**Task**
Begin at the line where "特徴:キラキラして眩しいクリ" appears and reproduce exactly every line through the end of the data below, both included, skipping pictures.

**Provided material**
-*-*-

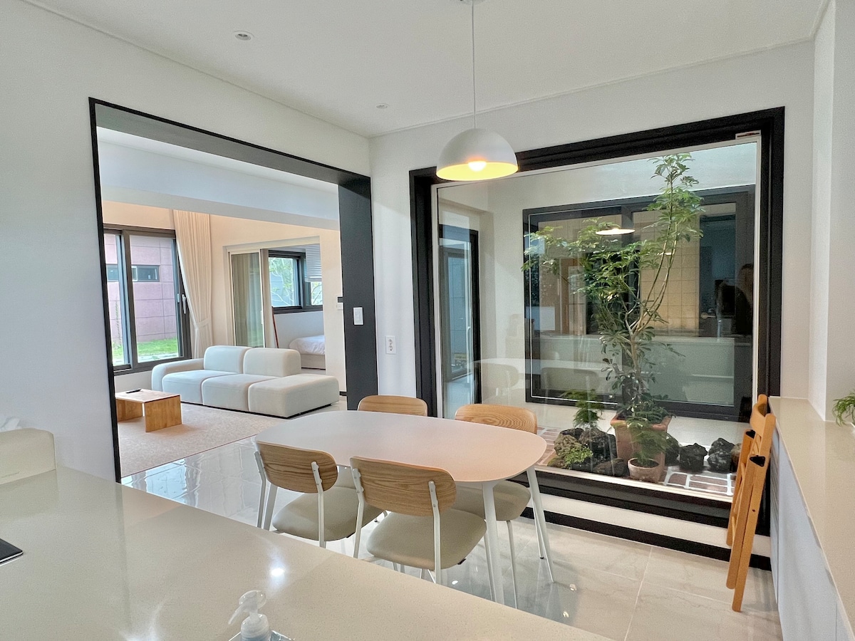 Para ☆ sa labas, gamitin ang parehong accommodation building at ang dalawang jacuzzi building. Para sa isang Linggo ay ipinanganak dahil gusto naming gawing komportableng lugar na matutuluyan ang aming tuluyan sa loob ng isang linggo. Sa halip na isang maikli at kagyat na biyahe, sana ay dahan - dahan mong maunawaan ang kanayunan ng Jeju at masiyahan sa sobrang tuwa ng Jeju nang kumportable at nakakarelaks, na parang sa dahilang may crush ang host sa Jeju. Huwag mag - tulad ng isang lokal sa isang liblib at tahimik na rural na nayon ng Jeju. Ang isang maliwanag na pribadong bahay at bakuran ay maaaring matunaw ang pagod na katawan sa pang - araw - araw na buhay. Ang tahimik na eskinita ay mahusay para sa isang nakakalibang na paglalakad, at mayroong isang coastal road sa loob ng 5 minutong biyahe, kaya makikita mo ang magandang dagat.
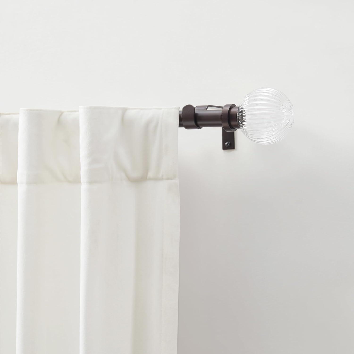 OIL RUBBED BRONZE Single curtain rod has an oil rubbed bronze black finish. With its sleek and classic look, this curtain rod accessory will coordinate with an array of home decor styles. Glass and resin ball finish for modern elegance
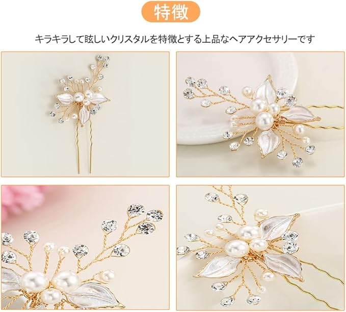 特徴:キラキラして眩しいクリスタルを特徴とする上品なヘアアクセサリーです。三つ葉とパールを星屑のように散りばめたデザインのパーティーヘアピンです。
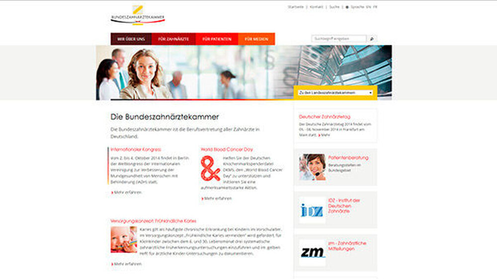 DieWebsitezeichnet sich nicht nur durch ein modernes, luftiges Design aus - die User können sich aufgrund der benutzerfreundlichen Navigation auch schnell auf der Seite orientieren; zudem wurden die umfangreichen Inhalte übersichtlicher für die unterschiedlichen Zielgruppen - Zahnärzte, Patienten und Medien - aufbereitet.

-*-*-

**Response for this exercise**
 特徴:キラキラして眩しいクリスタルを特徴とする上品なヘアアクセサリーです。三つ葉とパールを星屑のように散りばめたデザインのパーティーヘアピンです。
 DieWebsitezeichnet sich nicht nur durch ein modernes, luftiges Design aus - die User können sich aufgrund der benutzerfreundlichen Navigation auch schnell auf der Seite orientieren; zudem wurden die umfangreichen Inhalte übersichtlicher für die unterschiedlichen Zielgruppen - Zahnärzte, Patienten und Medien - aufbereitet.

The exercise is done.